Curiosity has officially begun its second full day on the surface of Mars. The massive $2.5 billion rover touched down on the surface of Mars on August 5. So far, curiosity has sent back images during its descent to the surface of Mars and of its new home base inside Gale Crater. Today Curiosity has a busy day filled with getting ready to start roving around on the surface of Mars in the coming weeks.

So far, Curiosity has fired up its Radiation Assessment Detector used to measure ambient radiation on Mars and conducted the first sensor calibration for its Rover Environmental Monitoring Station. That last tool is designed to monitor wind speeds on the surface of Mars along with air temperature and wind direction. The calibration of that Rover Environmental Monitoring Station didn't go as planned, but a team of scientists is working on a fix and hope correct the problem soon.

On the second day residing on the red planet, Curiosity plans to use its motors and actuators to deploy the rover's remote-sensing mast that houses one of the more important tools Curiosity brings to Mars.

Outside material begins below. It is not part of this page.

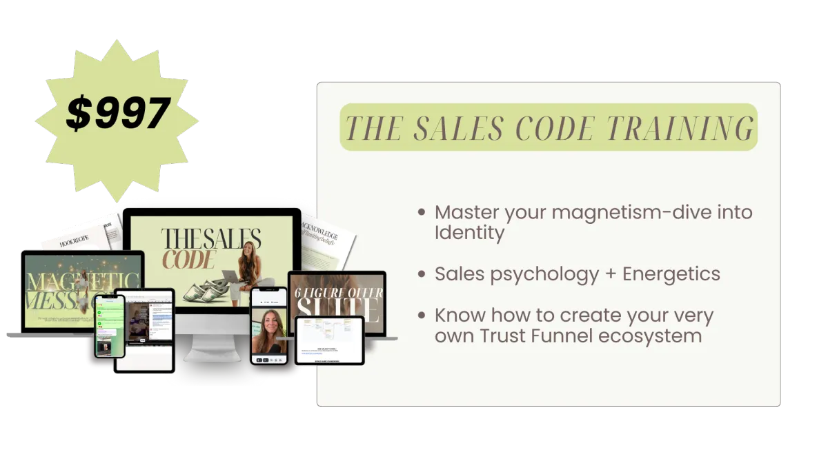 Clarify your identity as a saleswoman, anchor your story into a magnetic message, and learn the emotional sales psychology that creates instant trust, resonance, and connection.

The mast is where the laser designed for rock sampling and measuring chemical composition resides. The mast also has Curiosity's highest-quality cameras.

Once that mast is raised, the first thing the high-quality cameras will do is snap a photograph of a calibration target mounted on the rover. The team of scientists managing Curiosity will also establish direct communications with the rover today. So far, all communications between Curiosity and Earth have been conducted by routing messages through one of the dual probes orbiting Mars.